Regarding its chances of growing revenue for the financial year to end-September after a poor start, Tiger Brands said: "Any meaningful recovery remains dependent on an improved consumer environment which may be influenced by measures to be announced in the budget speech later today.

"The decrease in revenue was aggravated by price deflation in some soft commodities and higher levels of discounting in the domestic business as the group seeks to manage its competitiveness on shelf," the trading update said.

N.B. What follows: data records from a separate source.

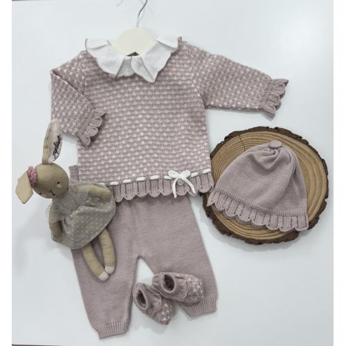 completino con collo in lino a nuvole, cappellino e babbucce coordinate. Colore: Marsala/bianco. Prodotto artigianale. 100% cotone. Made in Italy.
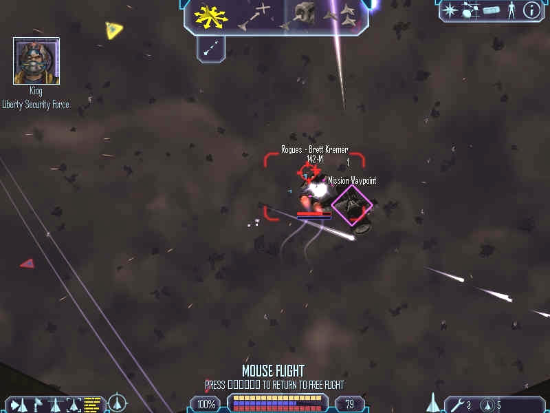 Правда, торопиться некуда, поэтому ничто не мешает игроку попутешествовать в свое удовольствие и освоиться с управлением. Последнее, кстати, требует небольшого "освоения". Признаться, пока загружалась игра, я бережно протирал свой давно не бывавший в боях старенький Logitech Wingman Warrior. Игра загрузилась, и джойстик вернулся на свое законное место на полке. Увы, он не понадобится. Управление заточено под грызуна и клавиатуру, причем раскладка классическая action'овая, даже стрейф имеется. Честно говоря, после Starlancer, где джойстик отменно мне послужил, такой поворот событий несколько шокировал. Однако следует отдать должное кудесникам из Digital Anvil: к управлению привыкаешь быстро и безболезненно, а целиться мышью, оказывается, даже удобнее, чем джойстиком, хотя реализма, конечно, меньше. Вообще же, физика во Freelancer неоднозначна. Скажем, разбить корабль о здоровый кусок болтающейся в космосе арматуры невозможно, защитные поля не позволяют, да и корпус далеко не картонный. Зато вполне реально долететь до планеты и живописно сгореть в плотных слоях атмосферы, если вы решили приземлиться без помощи специальных доков.
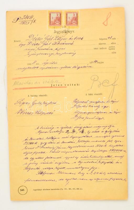 Beschreibung: 1924 Bírósági jegyzőkönyv, inflációs illletékbélyegekkel (62 db 500 k.), aláírásokkal
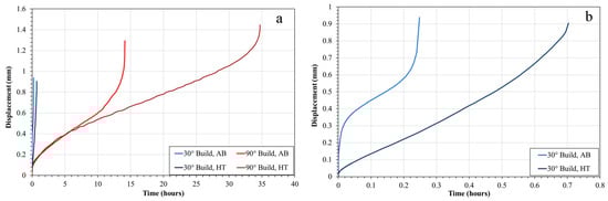 (a) SP creep of 30° and 90° samples both in the as-built and post-processed condition; (b) 30° build orientation results.

"The overall volume decline was driven mainly by the home and personal care categories and exports. Home care’s performance was impacted primarily by lower demand due to a delayed pest season and an unfavourable product mix, whilst personal care was negatively affected by increased competition and overall market contraction."

Pin It

Related Articles

 Boxer Retail Limited, South Africa's leading grocery discounter, today announced its financial results for the 52 weeks ended 1 March 2026 (FY26), reporting strong year-on-year performance for its first full financial year as a listed entity f…
South African retail group Woolworths Holdings delivered improved interim earnings after robust festive-season trading and solid Black Friday demand lifted performance, particularly in its premium food division.
Source: BizCommunity Dis-Chem Pharmacies saw a 10.1% increase in group income for the 24-week period from September 1, 2025, to February 16, 2026, compared to the same time the previous year.
Pick n Pay expects to post a significantly larger headline loss in its 2026 financial year, as pressure on its core supermarket operations and clothing business continues in a difficult retail environment.
  Shoprite Holdings’ on-demand delivery service, Sixty60, maintained strong momentum in the six months ended 28 December 2025, with turnover generated through the platform jumping 34.6% — far ahead of the group’s overall growth…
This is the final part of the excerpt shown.